Can I use my HSA for Direct Primary Care (DPC) in 2026?

Yes, a 2026 policy update confirmed that Direct Primary Care (DPC) arrangements are an eligible HSA expense for 2026, subject to specified monthly limits. This means you can use HSA funds to pay for DPC membership fees without it affecting your HSA eligibility, as long as you remain enrolled in an HSA-qualified HDHP.

How does Lively's free HSA compare to other providers on fees?

Market comparisons for 2026 consistently rank Lively and Fidelity as the lowest-cost providers, both offering $0 monthly account fees. Many other major HSA providers charge between $2.50 and $3.95 per month and often require a minimum balance of $1,000 or more before you can start investing. Lively's fee structure is among the most transparent.

What is the 'last-month rule' for HSA contributions?

The last-month rule is an IRS provision that may allow you to contribute the full annual HSA amount for a given year if you become eligible (by being enrolled in an HSA-qualified HDHP) on or before December 1st of that year and remain eligible through the following full calendar year. This rule is useful if you switch to an HDHP late in the year.

Are there any fees for employers to use Lively?

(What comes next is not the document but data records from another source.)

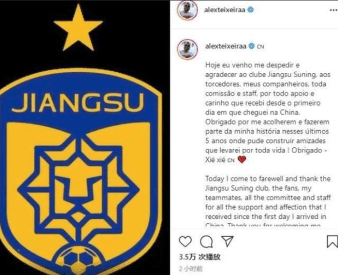 北京时间8月9日,职业生涯已获得9冠的大牌巨星特谢拉正式告别,他个人官宣离开中超,在社交平台发文表示:“今天我要和大家告别,感谢江苏苏宁俱乐部、球迷、队友、所有的工作人员和联赛组委会,感谢你们所有人的支持。从第一天抵达中国开始,我就感受到了大家的热情和对我的喜爱。谢谢你们,在这里我认识了很多可以长期相伴的朋友,这些将成为过去5年难忘旅程中的一部分。谢谢你,中国!”
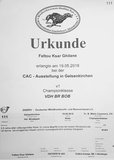 Ghilane Aufgrund seiner konstanten und hervorragenden Leistungen wurden ihm die Leistungsurkunde im Rennen (LU) und die Leistungsurkunde im Coursing (CLU) zugesprochen. Herzlichen Glückwunsch! |
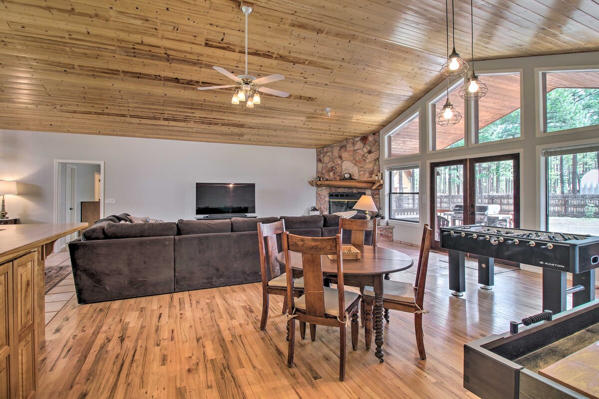 アリゾナ州ホワイトマウンテンに位置するこのパイントップのバケーションレンタルは、次の休暇をお過ごしいただけます!この3ベッドルーム、3バスルームのキャビンは、アパッチ国有林の端にあり、裏庭から直接美しいトレイルを歩くことができます。このエリアをさらに探索するには、狩り旅行に出かけたり、ショーロー湖で1日を過ごしたり、ホンダカジノで運試しをしたりしてみましょう。お好きなアクティビティをすべて楽しんだ後は、設備の整ったインテリアを活用して、仲間と一緒にゲームを楽しむ夜をお楽しみください。
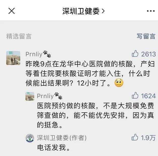 日前,深圳有位孕妇因情况特殊需要住院,但入院所需核酸检测报告还未出来。相关情况在深圳市卫健委微信公号上留言反映后,很快收到“电话发我”的回复。此后,经过深圳市卫健委的统筹协调,用了1个多小时就查到了核酸结果,孕妇得以顺利住院、及时治疗。
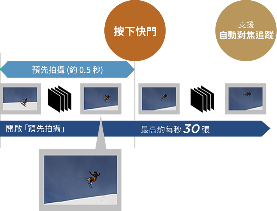 EOS R10 亦加入「RAW連拍模式」6,能以每秒約 30 張速度拍攝約 1.33x 裁切的影像;更支援「預先拍攝」功能,可記錄按下快門前0.5秒的畫面,確保記錄到最精彩時刻。
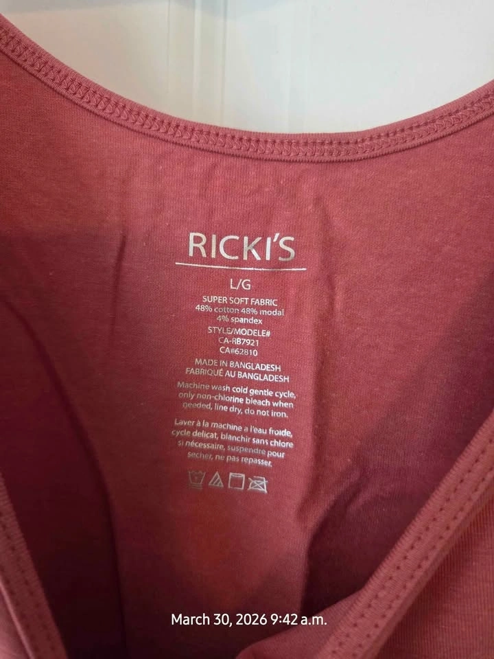 Buy & SellNew with Tags Ricki's Pink Tank Top (L)New with Tags Ricki's Pink Tank Top (L)$15Super soft Ricki's tank top. New with tags. Dusty rose pink color. Size large. Fabric is 48% cotton, 48% modal, 4% spandex.WHERE TO MEETGeorgetown Marketplace MallView MapSELLERLinaGeorgetown100 reviews0 chats·0 favorites·0 viewsSEND CHAT TO SELLERHi Lina! I’m interested in your listing.Hi Lina! I’m interested in your listing.Get the Karrot app to chatSign In to chat
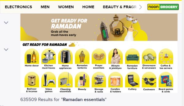 霞光社浏览中东电商平台Noon时发现,首页显眼位置已专门标注出“斋月商店”的专门入口,宣传语则是“为圣月采购生活必需品”。相关商品则覆盖了从家居厨房、工具装饰、美容健康,到玩具游戏、电子产品等多个品类。仅Noon平台上“斋月生活必需品”下的搜索结果就有超过60万条。

Lively's public pricing page states a cost of $0.00 per employee per month (PEPM) for employers, but notes a $200 monthly minimum. A separate Lively support article mentions a cost of $2.95 per enrolled employee per month for businesses. This appears to reflect employer-plan pricing, which differs from the free individual account offering. Employers should contact Lively directly for precise business pricing.

What happens if I over-contribute to my HSA?

Excess contributions are subject to a 6% IRS excise tax each year they remain in the account. You must remove the excess funds plus any earnings they generated to avoid this penalty. Notably, Lively's pricing page states it charges no excess contribution fee, but the IRS penalty still applies. It's best to track contributions carefully against the annual limits.